Yes, but the other great tradition of professional hockey--throwing yourself to the ice and flopping around like a fish in an attempt to draw a penalty--is.
This was written by a guy with the honest to God first name of Jonathan. Enough said.
I’d say the real problem with North American hockey is all the slots reserved for slow, unathletic Canadians who “earned” it by coming up through the Jr Hockey ranks.
Open the game up, speed the game up, and get rid of the no talent hacks...
Two of the most physically demanding sports out there, too.
What a nancy-boy!
What do you do when somebody cross-checks your frilly ass?
Hit them with your purse?
(Comment directed at author, not poster)
LMAO @ the guy typing that from his keyboard.
Tell that to Kurtis Foster.
And in his heyday, Peter Forsberg was one of the dirtiest players I ever saw.
“LMAO @ the guy typing that from his keyboard.”
LMAO @ the guy who is behind a keyboard inferring the guy commenting on hockey from behind a keyboard is somehow not manly because of that said keyboard.
You raise an interesting point. I'd say at the current size of the NHL, it's inevitable that you're going to have Jr. Hockey as the biggest source of your 'talent' (or non-talent, as the case may be). Get rid of a third of the league's teams, shorten the season to about 60 games (which increases the value of each game), and expand the playing surface (to put a premium on skating). Those would be my presciptions. But none of it will happen, since it would cost revenue initially.
Aside from the fact that that has to be the longest run on sentence on the books, do you have a point to make?
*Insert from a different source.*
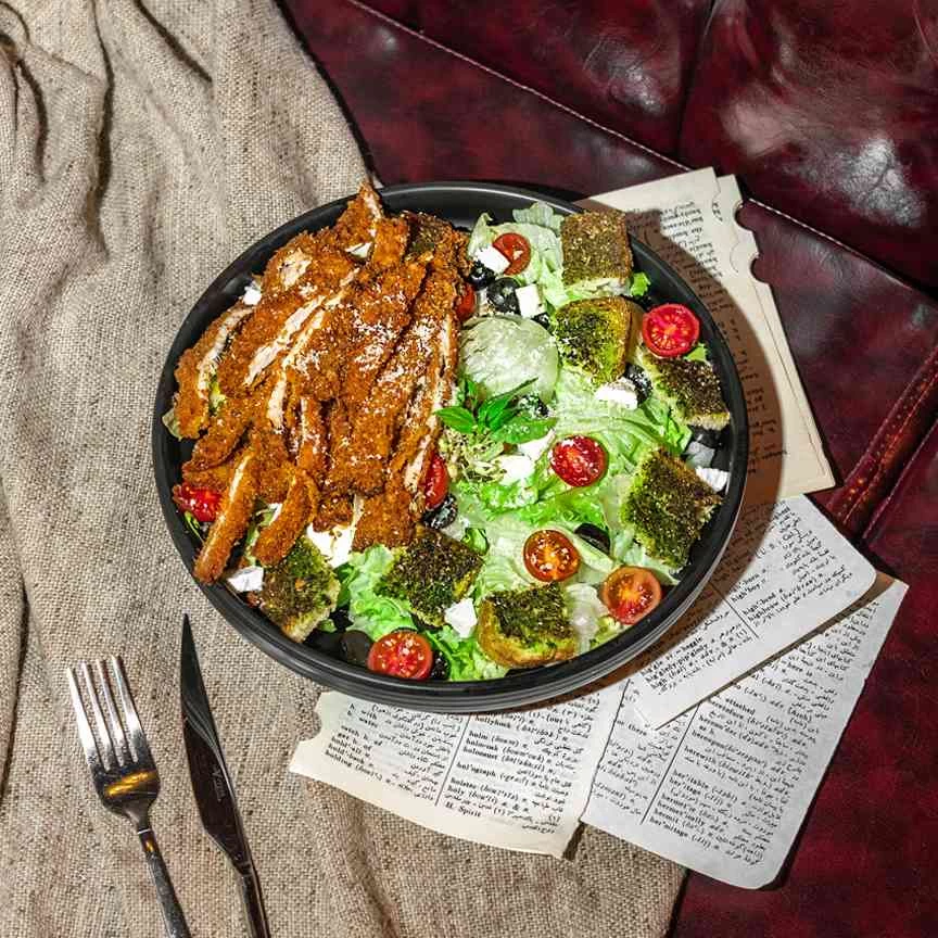 Lettuce, homemade Caesar dressing, garlic bread, parmesan, grilled fillet

The "removing an opponents spleen with their hockey sticks" comment has a ring of truth to it. Take out the fighting altogether, and I think you will see more stick work as players use whatever is at their disposal to try to gain an advantage. It's an aggressive game, and if guys feel the need to drop the gloves and get it out of their systems, so be it.
If I want to watch a bunch of players pussy-footing around a large playing surface, I'll find a soccer game.
Yeah, people in glass houses shouldn’t throw stones.